I don't know how they or RNs have had their kids, but I'm a little sceptical of that, too...

Not trying to be a weenie, but any references?*
Where I live about 1/3 of OBs are women. All but one I know have birthed children. I love my OB and sad I have to find a new one. She went along with everything during my pregnancy that I wanted, loaned me medical books, and tlalked to me a great deal about her own pregnancies (she was also pregnant at the time), breastfeeding, PPD, etc. What man could have done that? LOL The only think my OB and I disagreed about was breastfeeding. She advocated breastfeeding but pretty much thinks that after the first couple of months the baby really doesnt get much benefit from it. She knew I breastfed past a year. She breastfed her first child 4-5 months, her second child she breastfed longer.
My sister was a L&D nurse for 10 years. She would never have a homebirth, had two medicated births but she could have gone natural with her last one. She didnt get the epi until she was 9cm, the only reason she said she got it was because she was having a tubal after. @@ She did have a midwife doula for her last birth and she believes there are too many interventions in childbirth today. She isn't aginst homebirth, but she says she has seen to many things go wrong to really advocate for it.

Kim


----------



## Greaseball (Feb 1, 2002)

Quote:

Not trying to be a weenie, but any references?
I just make it up as I go along. Heh heh, not really. Here is my reading list:

Open Season, by Nancy Wainer Cohen
Birth as an American Rite of Passage, by Robbie Davis-Floyd
Mal(e) Practice, by Robert Mendelsohn
Mothering articles
Our Bodies, Our Selves

Lots of others that I don't use nearly as much...


----------



## pamamidwife (May 7, 2003)

I cannot possibly add any more to this thread (and I'm thinking that it's probably useless, since so much evidence-based info has been given and the OP is firm in her beliefs, which is fine), but I do have to think about the WHO's ratings of infant/maternal morbidity/mortality rate worldwide - and how there are 23-25 countries that have BETTER rates than the U.S.

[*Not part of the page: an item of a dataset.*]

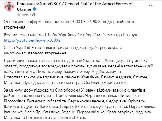 07.20 В среду, 8 февраля, Генштаб ВСУ обнародовал сводку о ситуации на фронте.

Also, the arrogance of so many Obstetricians includes the belief that many of the problems with birth today are the fault of the woman and the imperfection of the female body. One only has to visit the www.obgyn.net forums to read the belief systems.

An acquaintance of mine is an OB (can you believe it!??) and he said that not only are they being pushed to do more cesareans, but they receive lower malpractice premium costs if they have higher rates. He also reminds me that the majority of OBs are in it for the surgical aspect. In addition, many practices are starting to induce women at 39 weeks routinely. This is very _against_ evidence and safety for both mother and baby. However, a managed labor is what the goal is - after all, our bodies are completely faulty and could kill us or our babies at any minute - even if we're apparently "healthy". "Birth is dangerous and risky".

While it's world-rocking to hear another side to commonly held beliefs (that birth is inherently dangerous and OBs have improved outcomes), some people are not ready for that sort of life change. I know I denied it forever. I actually *thanked* my OB the day after birth for cutting my vagina deep into my rectum.

The belief is deep. Evidence based, though, it is NOT.

The bottom line is there is a minority of women who need surgical intervention and hospital-level assistance in birth. I am grateful for the surgical expertise of OBs when I transport care. However, it has become less about evidence-based care (even getting full informed CHOICE from a provider - OB or CNM in the hospital - is a joke), and more about saving your ass from a lawsuit.

If I worked in the hospital, and saw the results of so many mindless interventions, not to mention the high-risk births on daily level, I probably would be scared of birth, too.


----------



## Greaseball (Feb 1, 2002)

Quote:

He also reminds me that the majority of OBs are in it for the surgical aspect.
That reminds me of another book on my reading list, A Woman In Residence by Michelle Harrison. She is a OB resident. She tells of one male resident who does not like obstetrics at all, but he tolerates it because he likes to do surgery.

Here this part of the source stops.